Mia madre mi portò dalla psicologa che avevo sei anni. Diceva che ero una peste, ingovernabile, e qualcuno le consigliò di andare al consultorio per farmi dare una cura. Magari un calmante. Invece, quella signora che ricordo sempre perché aveva uno sguardo dolcissimo, si mise a giocare con me come una ragazzina. C’era un grosso burattino, un drago, in fondo alla stanza, e io, che correvo su e giù, lo individuai subito, lo afferrai e volevo giocarci. Mia madre corse a strapparmelo di mano perché non avevo chiesto il permesso. Ci mancò poco che non mi allentasse, anche lì, il solito ceffone. La signora, con gentilezza, intervenne. Mi lasciò tenere il drago e si mise a giocare con me. Prese un burattino principessa e giocammo. Io ero il drago e volevo divorare la principessa. Lei fuggiva e intanto mi domandava: «Perché mi vuoi mangiare?».
«Perché sei cattiva, cattivissima» rispondevo io.
E provavo un piacere immenso, la soddisfazione di una giustizia fatta o che stava per compiersi. Il drago aveva ragione! Quella principessa meritava d’essere divorata! Ma la signora continuava a giocare e a domandare e io a rispondere, sino a quando non mi stancai. Il drago mi scivolò dalla mano destra e con la sinistra afferrai la principessa e mi misi a guardarla, da vicino. Dovevano averci giocato in tanti perché era mezza rotta e con la vernice scrostata sulla testa tradiva la presenza del legno sottostante. Mi fece pena. Allora la diedi a mia madre, dicendo: «Guarda, poverina! È tutta rotta!».
Mia madre fu sorpresa che io le affidassi la principessa, che qualche istante prima volevo divorare, affinché se ne prendesse cura. Ma non fece niente. L’accolse sulle ginocchia e la lasciò lì. Allora la signora le disse con aria complice: «Perché non aiuta la principessa a stare meglio?».
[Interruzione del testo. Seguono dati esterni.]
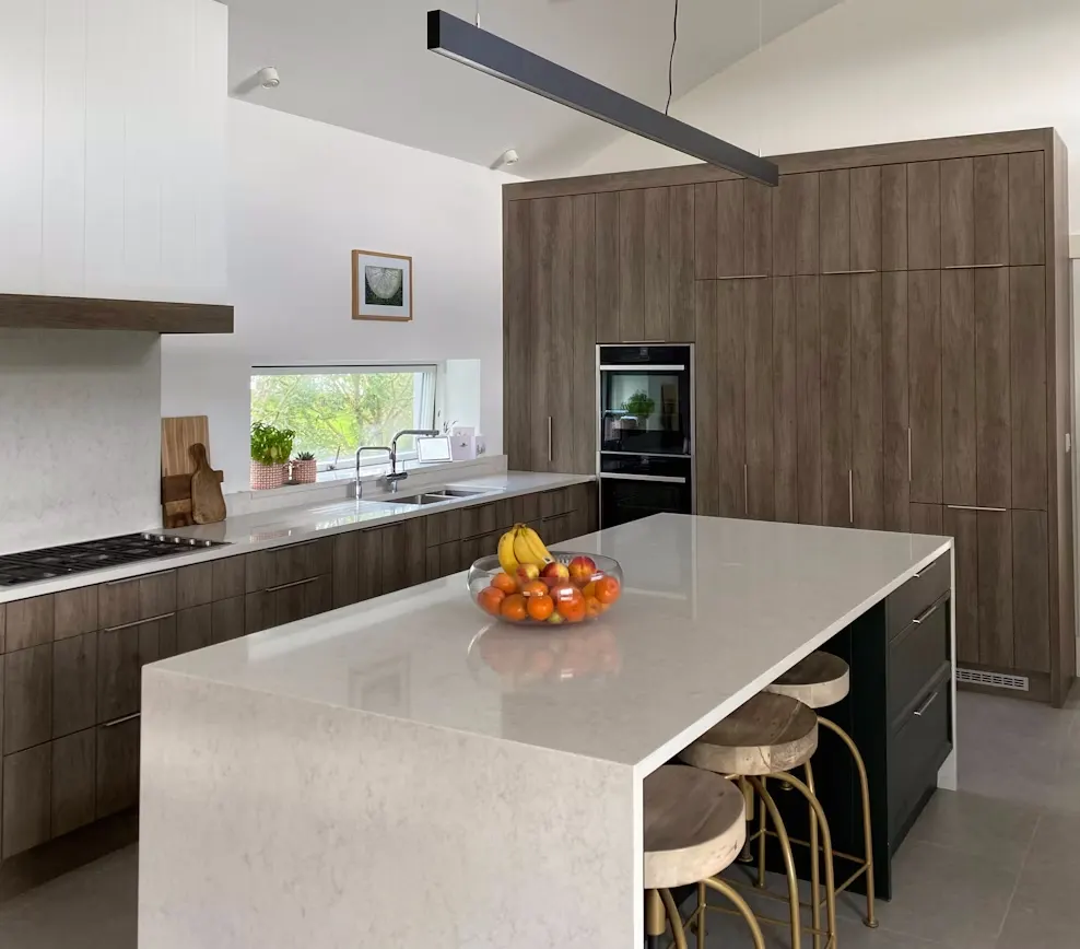 The two tones of white and grey, complemented by a dark grey vein, give this colour a bold, marbled effect.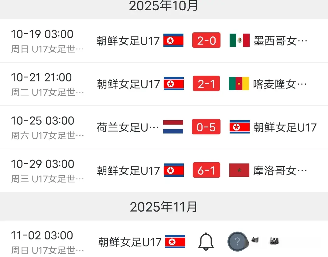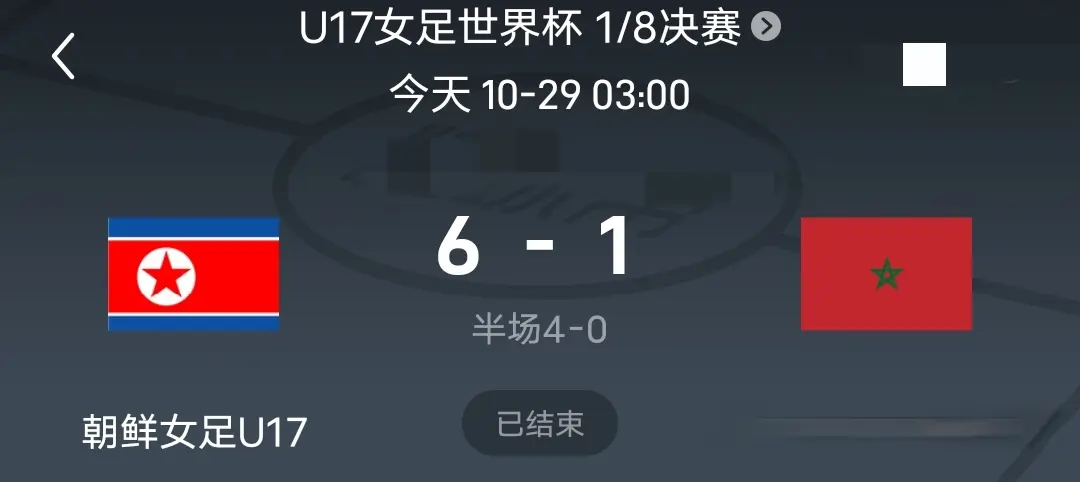 朝鲜队6-1“血洗”东道主摩洛哥队,晋级U17女足世界杯8强。这支朝鲜在本届U17女足世界杯已进行的4场比赛,表现的相当出众。小组赛首轮朝鲜队2比0战胜中北美洲冠军墨西哥队,第二轮朝鲜队2-1非洲劲旅喀麦隆队。第三轮朝鲜队5-0狂胜欧洲劲旅荷兰队。1/8淘汰赛又大胜摩洛哥队。朝鲜队从小组赛到1/8淘汰赛保持4场连胜成绩,并且朝鲜队在这4场比赛轰入15球,在亚洲4支球队参加U17女足世界杯之中,也只有朝鲜队到现在为止还保持全胜成绩。这支朝鲜队拥有夺得U17女足世界杯冠军实力,这支球队不愧亚洲足球之光!

Ma mia madre non capiva, proprio non capiva. Rise (perché fa sempre così quando non capisce!) e disse: «Burattinate!».
Dentro mi montò una rabbia, ma una rabbia che riesco ancora a sentire, se ci penso! Sapevo benissimo che mia madre non avrebbe curato la principessa! Non gliene importava niente di giocare con me. Allora, ricominciai a correre per lo studio e a buttare a terra tutto quello che mi capitava a tiro. Allora lei si alzò e, per fermarmi, mi diede quel ceffone che aveva sempre pronto, sulla punta delle dita, per arginarmi. Scoppiai a piangere. La signora intervenne ancora. Mi prese per mano e mi portò dall’altro lato della stanza dove c’erano una lavagna, colori, gessetti e tanti fogli. Iniziai a disegnare utilizzando il nero, il viola, il blu. Mia madre, allora, raccontò alla signora che io disegnavo sempre. «Ma non case, alberi, navi, aeroplani, come fanno di solito gli altri bambini» disse. «Disegna soltanto fantasmi, mostri e, soprattutto, ragni!»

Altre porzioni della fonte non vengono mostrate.